Friday, October 15, 2010

Change of Plans

Well I guess my body had different plans yet again. My cycle started yesterday which has been a blessing and a curse. This means that I don’t have to take the Provera, which I is good even though I was mentally prepare to. The bad is that this is hands down the most painful period that I have had post surgery. I been experiencing intermittent cramps for about two and a half weeks but then they got significantly worse, but I’ll be honest I did not pay a lot of attention to them. Today the pain is almost constant, one I know all too well. It is the reminder that endometriosis is still with me. As unpleasant as this is, it is excited to know that I’ll be starting Clomid soon.

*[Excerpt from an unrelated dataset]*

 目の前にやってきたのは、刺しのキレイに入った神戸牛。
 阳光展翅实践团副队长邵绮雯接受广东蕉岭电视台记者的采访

And if need be we could possibly get three rounds in before the end of the year.
            I wanted to acknowledge that my blog can at times seem pessimistic. The first reason for this is probably because I am not the optimist of the family that is my husband. Without him, I would not be where I am today or be the person I am. He never lets me give up. I like to be prepared for the worst and hope for the best. And I am not approaching this journey any differently. I honestly thought we would be pregnant by now, and then I thought we would be on our second round of Clomid by now. That is not how it worked out and for my own sanity I have had to step back and evaluate how I’m going to handle this without continually setting myself up for disappointment. Some of it is unavoidable; no matter what every time I take a HPT I get a little anxious. I just know myself well enough to know that I need to mentally prepare myself for a variety of outcomes.

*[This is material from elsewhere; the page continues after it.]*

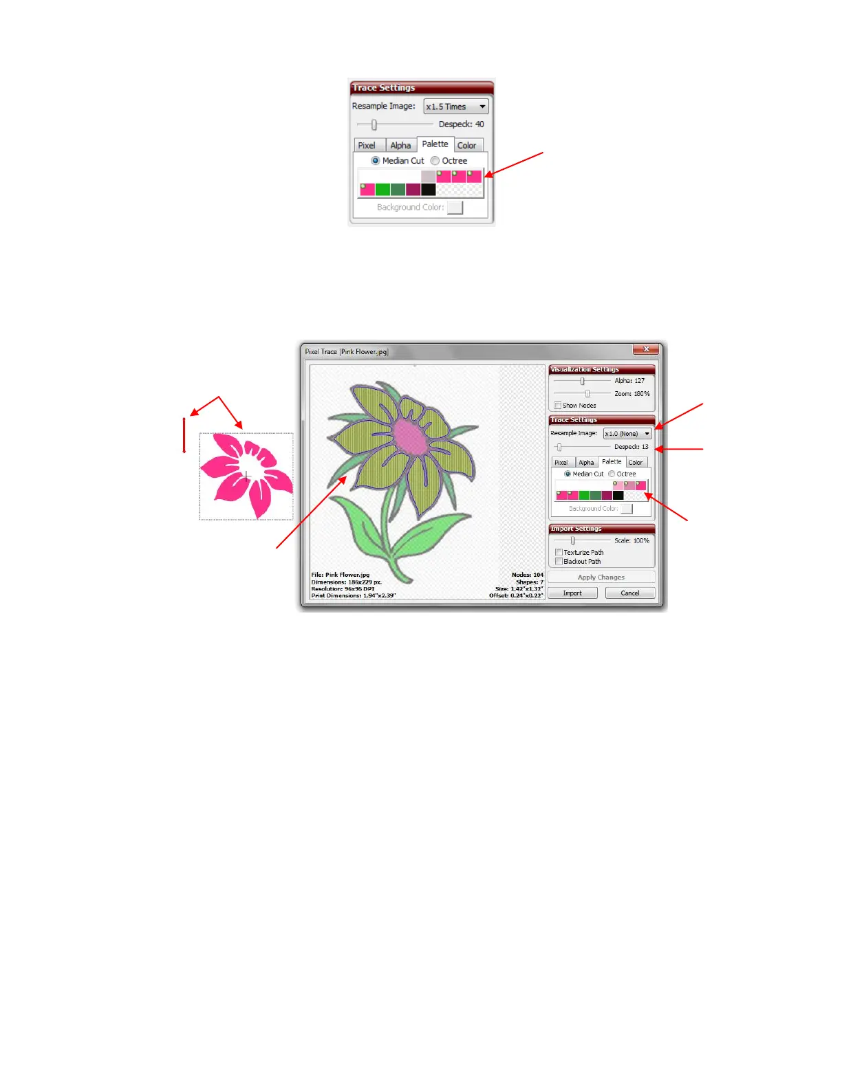 specks and to sharper or soften the tracing (just as they were used in the Pixel Trace method). In this
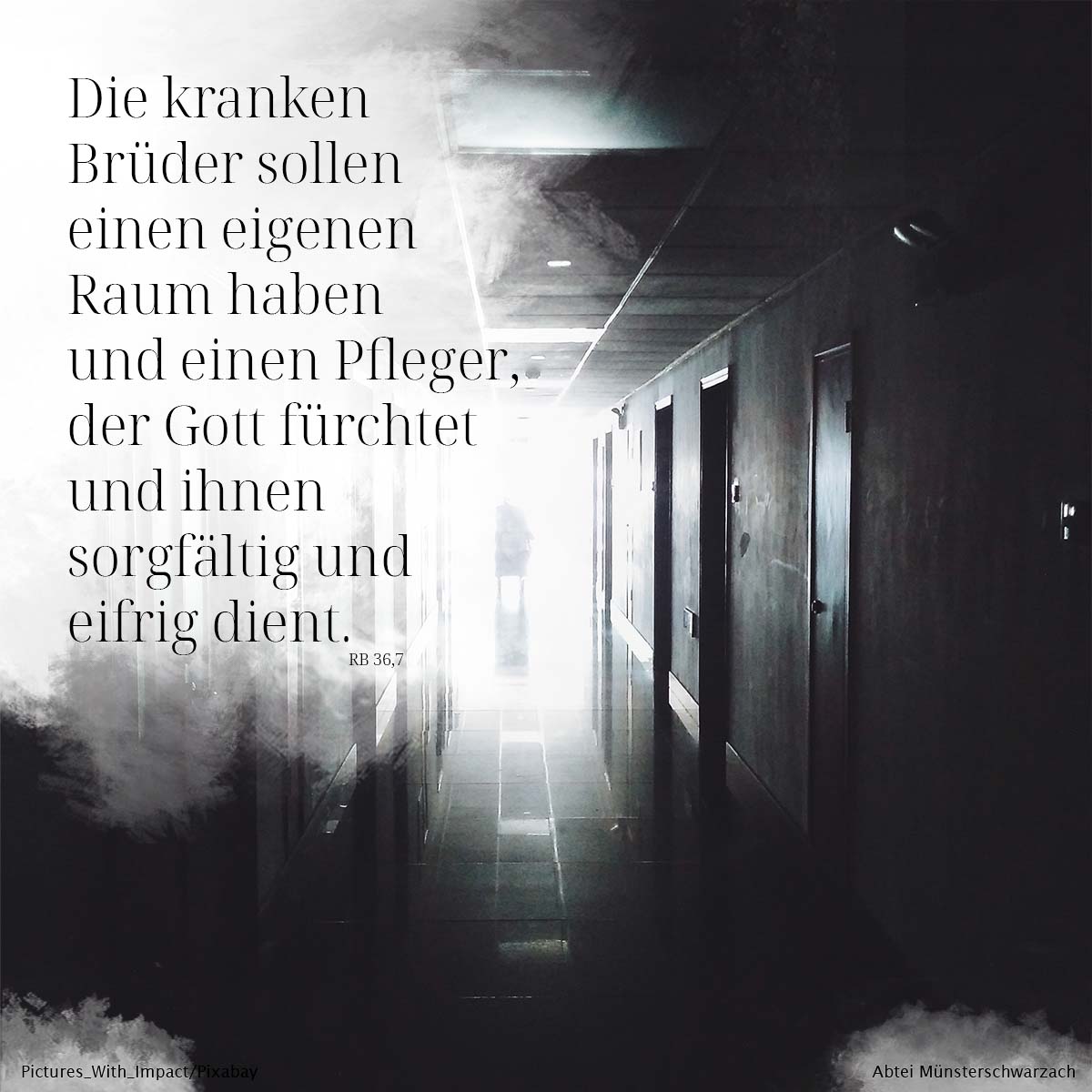 7. Die kranken Brüder sollen einen eigenen Raum haben und einen Pfleger, der Gott fürchtet und ihnen sorgfältig und eifrig dient.

            With that said I wanted point out some of the things I use to help me through all of this both endo and infertility. As of late my commute to school has been helpful, I have an hour and fifteen minute drive one way three times a week. As crazy and draining as that sounds it gives me much need alone time with God. All this time in prayer has assured me that none of this is my fault (or anyone else’s). I know we will have a family at some point, just don’t know when or how. I have also come to the conclusion that it is okay to not be happy or content with our current situation. The desire to reach the goal of having a child is what keeps me going on, and I know that God will be there every step of the way. Rob Bell’s book Drops Like Stars: A Few Thoughts on Creativity and Suffering has been an inspiration as well. It really allows for the reader to look at the difficulties of life in a new light but also make their own conclusions. He stresses how suffering can break us down or make us something new, that when we tell our stories it is usually the suffering that has shaped us and that connects us with others. He does such a better job at expressing this and the artistic creativity in the book is amazing. It is a short, thought provoking read I recommend. Another thing I usually do is pick a song or two on my way to school each week that expresses how I feel. This week’s song has been Hope Now by Addison Road. If you have a few moments check it out.
            I have friends and family that have been helping me through this every step of the way. And have listen to me ramble about it over and over again, but it has been wonderful not to carry this burden alone. I have also joined an online support community because it is helpful to talk to people that have been where I am or are there themselves. And I have to say that Jeremy has been amazing through all of this. I tell him everything, even the things he would rather not know and he takes it all in. Sometimes I think he remembers things about my body better than I do. I couldn’t do any of this without his support and comfort. He deals with my moodiness better than I do.
            I also want to say that I have the best OB/GYN group in the world. I usually see a midwife, unless I need a surgery or procedure done, and Monday she called me just because she heard I had some questions. That is so amazing, I was able to talk to her for a few minutes and she is very understanding. She said, “We are doing all we can, and I know all this stuff can make you crazy so hang in there.” They were encouraging words after spending years not being taken seriously. 
I am going back to a gluten-free diet to deal with my Celiac disease or gluten intolerance. It is thought to be a related disease to endo, and it is something I struggle with. I have slack off in the past few months even though I know that I feel better if I keep my diet gluten free. It becomes an annoyance and honestly I have trouble justifying spending three to four times as much on a gluten free option. But I know if I want infertility treatments to work as smoothly as possible I need to take better care of myself.
            I am thankful that fall break has started, so I can catch up on school work and sleep but also relax when I need to. I don’t know what the months ahead hold but I know with love and support I will make it through.